I want to split some datasets such as CIFAR10 or MNIST in a non-iid way: basically I am doing Federated Learning experiments, in which I want that each client has 2 classes of the dataset. I achieve this, but I have a problem: not all the classes are used, but I do not know why. I mean, considering CIFAR10 that has 10 classes, say from 0 to 9, and I have 10 computers, I want that each computer has 2 classes, and that all the classes are used. I achieve only the first part: each computer has 2 classes, but not all the classes are used. This is my code:
class QuantitySkewLabelsSplitter(NumPyDataSplitter):
def __init__(self, class_per_client, seed=0):
self.seed = seed
self.class_per_client = class_per_client
def split(self, data, y, num_collaborators):
labels = set(y)
assert 0 < self.class_per_client <= len(labels), "class_per_client must be > 0 and <= #classes"

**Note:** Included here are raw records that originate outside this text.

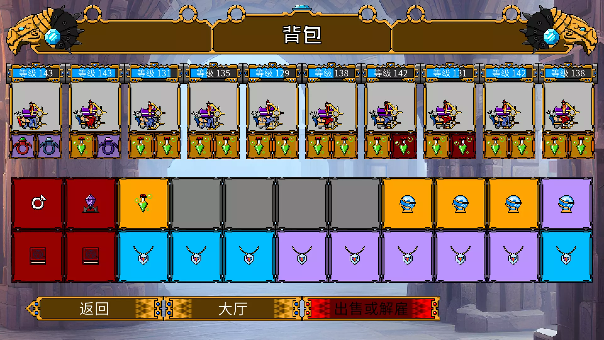 、 不要点圣骑士,随军牧师和死神,他们的装备只会污染商店 战斗详解 0~100阵型:1骑3祭司1术士5盗贼 关于神器 骑士携带恢复戒指,巨齿项链 祭司携带恢复戒指 盗贼携带毒瓶 术士携带洞察之书 避雷针位推荐给祭司---希望之旗 装备选择与词缀 骑士携带泰坦套装,屏障盾,任意近战武器 装备主敲法力回复 祭司携带泰坦套装,三旗帜各一种 装备主敲耐力 盗贼携带任意加敏捷头盔(刺客头盔等,过多不进行列举)刺客肩甲,毒匕首和血匕首均可 装备主敲敏捷 术士用法师帽,布披肩 装备主敲智力/耐力 开局同理,速凑10人拿金矿石,20轮刷3人组 提前屯远古之杖,神圣/邪恶水晶,日耀弓,月神箭袋以及一个日耀箭袋(全敲敏捷) 50~60轮即可打赢巨魔 巨齿项链给骑士 前100轻松平推 100轮买炮给盗贼,炮和术士远古杖或水晶各拿一个,防止被龙的陨石砸死 骑士拿上雨杖,一般轻松无损打赢火龙 火龙戒指给术士 100~300阵型:1骑3祭司1术士5炮手 关于神器 骑士携带恢复戒指,巨齿项链 祭司携带恢复戒指,巨齿项链 炮手携带毒瓶 术士携带洞察之书,火龙戒指 避雷针位推荐给祭司---希望之旗和黄旗 装备选择与词缀 骑士携带泰坦套装,屏障盾,任意近战武器 装备主敲法力回复 祭司携带泰坦套装,三旗帜各一种 装备主敲耐力 炮手携带炮手套 装备用野生的就好,不需要刻意敲 术士用术士套 装备主敲智力/耐力 这段时间狂刷商店,找冷血/大师/狂战士老兵,同时找装备合成 冷血当炮手,大师当祭司/骑士,狂战当术士 多留一套炮手套,屯远古之杖,神圣水晶,毒瓶,日耀弓,月神箭袋,还有一个日耀箭袋 仓库5页真的不够用! 炮手装备不需要太好,绿/蓝装就够 商店升到15就行,多升几级也可以 150的巨魔会上恐惧,带天使雕像解恐惧,还是注意上流血给炮手反应时间 巨齿项链给祭司/骑士 200的冰龙非常难缠,术士转职炮手,炮手全带拐杖和黄水晶,其他人提前冲上去送掉(死亡模式一定要带凤羽)避免aoe到炮手 冰龙戒指给术士 250双巨魔也很头疼,祭司的蓝旗换白旗,所有人带好拐杖,坦克拿壁垒盾,带流血戒指提前冲上去给巨魔上流血,给炮手时间反应 巨齿项链给祭司/骑士 250往后攒钱 300雷龙,最白给的一个,建议打一把看看 雷龙压根打不到炮手XDDDDDD 风龙戒指给敏捷最高的人 300~无尽阵型:10弓 关于神器 冰弓(即月神箭袋+日耀弓)携带毒瓶,流血戒指(流血戒指可以不带) 火弓(即日耀箭袋+日耀弓)携带火龙戒指,冰龙戒指 死亡模式带好凤羽,成型后神器除龙戒指都可以不带,有充足神器空位 装备选择与词缀 携带巨灵头盔 术士携带日耀箭袋+日耀弓,其他人拿月神箭袋+日耀弓 全部敲敏捷 要转型了 术士换上日耀箭袋+日耀弓 300~305刷商店找冷血老兵,找到就把其他人卖掉,拿上月神箭袋+日耀弓以及双毒瓶 新人够+20敏就换炮手继续练敏捷,直到+200敏再上月神箭袋+日耀弓 部分人暴毙为正常现象,常出现在开场阶段,或者兽人方触发了护身符进入免控状态,一般情况死一半都能继续打 附成型后截图
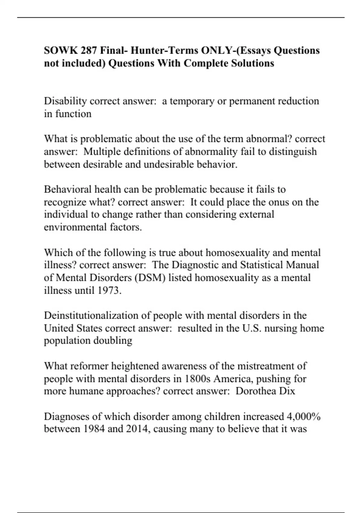 Disability correct answer: a temporary or permanent reduction in function What is problematic about the use of the term abnormal? correct answer: Multiple definitions of abnormality fail to distinguish between desirable and undesirable behavior. Behavioral health can be problematic because it fails to recognize what? correct answer: It could place the onus on the individual to change rather than considering external environmental factors. Which of the following is true about homosexuality and mental illness? correct answer: The Diagnostic and Statistical Manual of Mental Disorders (DSM) listed homosexuality as a mental illness until 1973. Deinstitutionalization of people with mental disorders in the United States correct answer: resulted in the U.S. nursing home population doubling What reformer heightened awareness of the mistreatment of people with mental disorders in 1800s America, pushing for more humane approaches? correct answer: Dorothea Dix Diagnoses of which disorder among children increased 4,000% between 1984 and 2014, causing many to believe that it was perhaps simply becoming a more popular diagnosis among practitioners, rather than actually occurring more frequently? correct answer: Bipolar disorder Alzheimers is correct answer: a neurocognitive disorder In Wyatt v. Stickney (1971) and O'Connor v. Donaldson (1975), the Supreme Court ruled that correct answer: a client could not be hospitalized against his or her will simply for having a mental illness and needing treatment; a more specific set of guidelines had to be met Licensed clinical social workers are directly responsible for correct answer: assessing, diagnosing, and treating all forms of mental disorders Developmental challenge correct answer: a severe chronic condition that manifests before age of 22
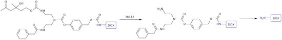 Other examples of homodimeric first-generation SIDendr-ac-DDSs are CAMPT- or DOX-containing systems (Figure 10) [24]. These anti-cancer medicine molecules were implanted with the retro-aldol, retro-Michael substrate of catalytic antibody 38C2 (CA 38C2) as a trigger. The retro-aldol, retro-Michael substrate of antibody 38C2 was attached to the adaptor platform through a self-immolative linker with adequate length to avoid steric hindrances accompanying the complex structure of the doxorubicin (DOX) molecule. The dendritic prodrug bioactivations were evaluated in a cell-growth inhibition assay with the Molt-3 leukemia cell line in the presence and the absence of mouse monoclonal antibody 38C2. The IC50 values of the monomeric prodrugs were about 200-fold less toxic than the free CPT. The activity of the monomeric prodrug had shifted to a 10-fold difference from that of the free CPT (upon the addition of 38C2). The main advantage of the obtained systems is the relatively simple preparation method and their very high activity towards cancer cells and low toxicity towards normal cells.
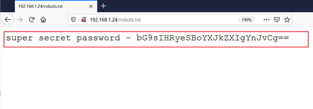 From the robots.txt file, we got a password string. But when we observe closely, the password string is Base64-encoded. The password string is written thus:
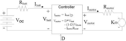 - Controlleris assumed to be a single quadrant (non-regen) controller, with the indicated input and output equations.
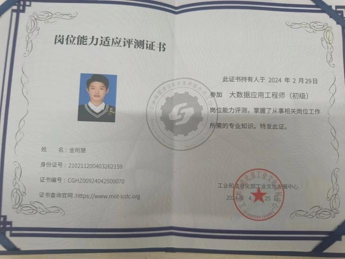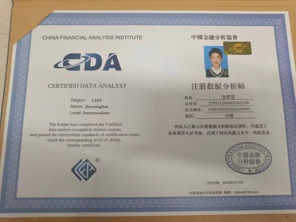 通过学习的知识,我自己也参加了一些数据分析大赛,还获得了全国大学生数据分析大赛二等奖,也考取了部分的证书《工信部人才证书》和《注册中级数据分析师证书》。
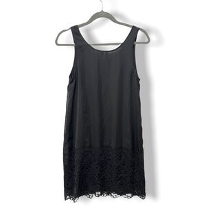 Valette Black Satin Lace Trim Scoop Neck Slip Dress
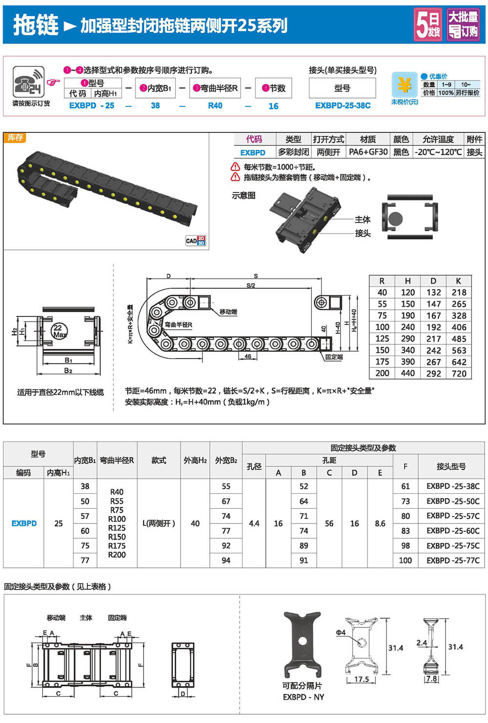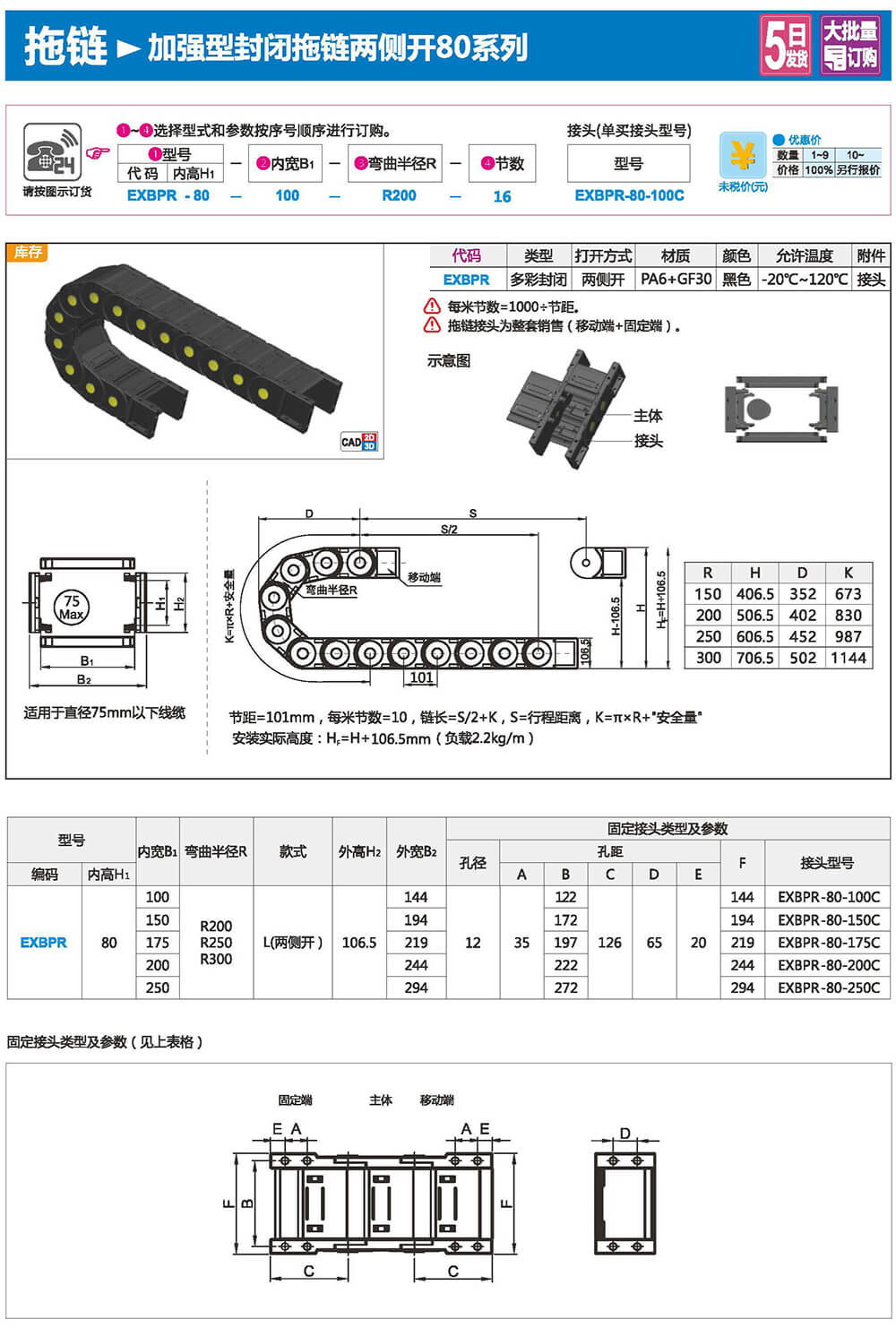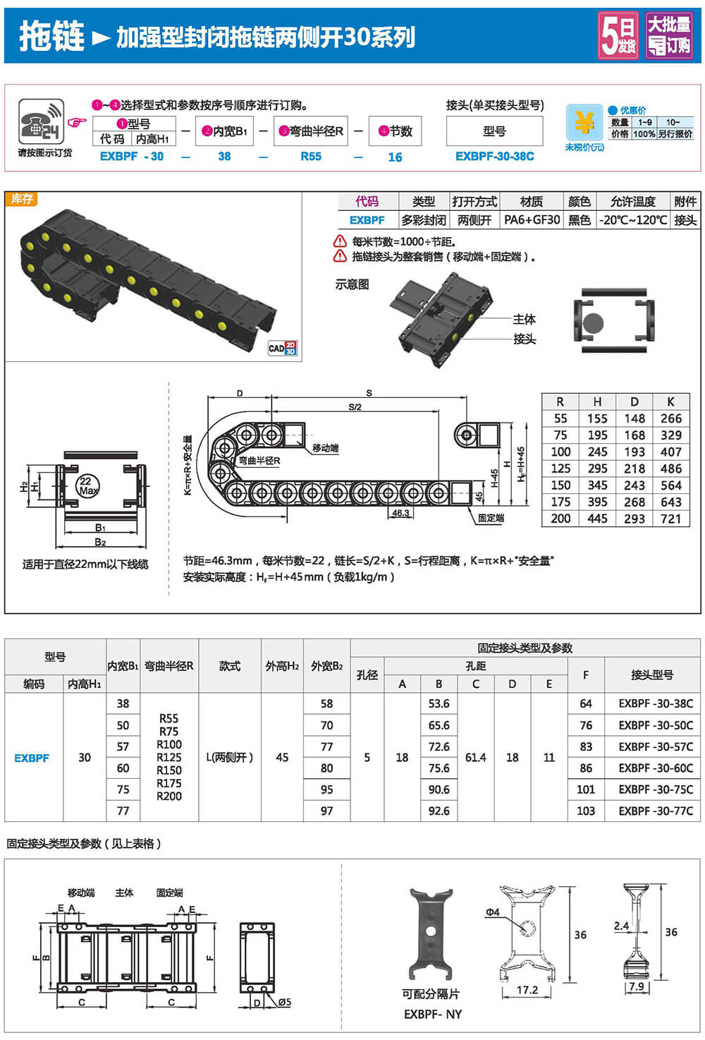 適合于使用在往復運動的場合,能夠?qū)?nèi)置的電纜、油管、氣管、水管等起到牽引和保護作用,拖鏈每節(jié)都能打開,便于安裝和維修。運動時噪音低、耐磨、可高速運動。拖鏈已被廣泛應用于數(shù)控機床.電子設備、石材機械、玻璃機械、門窗機械、注塑機、機械手、起重運輸設備、自動化倉庫等。

assert self.class_per_client * num_collaborators >= len(labels), "class_per_client * n must be >= #classes"
nlbl = [choice(len(labels), self.class_per_client, replace=False) for u in range(num_collaborators)]
check = set().union(*[set(a) for a in nlbl])
while len(check) < len(labels):
missing = labels - check
for m in missing:
nlbl[randint(0, num_collaborators)][randint(0, self.class_per_client)] = m
check = set().union(*[set(a) for a in nlbl])
class_map = {c:[u for u, lbl in enumerate(nlbl) if c in lbl] for c in labels}
assignment = np.zeros(y.shape[0])
for lbl, users in class_map.items():
ids = np.where(y == lbl)[0]
assignment[ids] = choice(users, len(ids))
return [np.where(assignment == i)[0] for i in range(num_collaborators)]
where
class DataSplitter(ABC):
"""Base class for data splitting."""
@abstractmethod
def split(self, data: Iterable[T], num_collaborators: int) -> List[Iterable[T]]:
"""Split the data."""
raise NotImplementedError
and
class NumPyDataSplitter(DataSplitter):
"""Base class for splitting numpy arrays of data."""
@abstractmethod
def split(self, data: np.ndarray, num_collaborators: int) -> List[List[int]]:
"""Split the data."""
raise NotImplementedError
For example, I applied this code on x_train/test and y_train/test of CIFAR10. These are the results:
rain_splitter = QuantitySkewLabelsSplitter(class_per_client=2)
test_splitter = QuantitySkewLabelsSplitter(class_per_client=2)
train_idx = train_splitter.split(x_train, y_train, 10)[0]
test_idx = test_splitter.split(x_test, y_test, 10)[0]
train_idx1 = train_splitter.split(x_train, y_train, 10)[1]
test_idx1 = test_splitter.split(x_test, y_test, 10)[1]
...
train_idx8 = train_splitter.split(x_train, y_train, 10)[8]
test_idx8 = test_splitter.split(x_test, y_test, 10)[8]
train_idx9 = train_splitter.split(x_train, y_train, 10)[9]
test_idx9 = test_splitter.split(x_test, y_test, 10)[9]
Then I can use the indeces in order to split the dataset:
x_train_shard = x_train[train_idx]
x_test_shard = x_test[test_idx]
y_train_shard = y_train[train_idx]
y_test_shard = y_test[test_idx]
...
x_train_shard9 = x_train[train_idx9]
x_test_shard9 = x_test[test_idx9]
y_train_shard9 = y_train[train_idx9]
y_test_shard9 = y_test[test_idx9]
Now, If I look at the values of y, I do not have all the classes. For example this is one output:
np.unique(y_train_shard)
Out: array([0, 6], dtype=uint8)
np.unique(y_train_shard1)
Out: array([5, 8], dtype=uint8)
np.unique(y_train_shard2)
Out: array([3, 8], dtype=uint8)
np.unique(y_train_shard3)
Out: array([2, 8], dtype=uint8)
np.unique(y_train_shard4)
Out: array([0, 4], dtype=uint8)
np.unique(y_train_shard5)
Out: array([1, 8], dtype=uint8)
np.unique(y_train_shard6)
Out: array([1, 4], dtype=uint8)
np.unique(y_train_shard7)
Out: array([1, 2], dtype=uint8)
np.unique(y_train_shard8)
Out: array([4, 5], dtype=uint8)
np.unique(y_train_shard9)
Out: array([3, 5], dtype=uint8)
As you can see not all the classes are used. Some classes are used more than others and it is ok, but for example classes 7 and 9 are never used. I want to fix this because I do not know why sometimes I have an accuracy of 0%. I think that is because in training does not appear all the 10 classes, and when I test on a class that has never been seen from my classifier, it has 0% of accuracy.
So then I want to do the same for the test.
FInally it would be appreciated an hint about where to set a seed in order to have always the same split.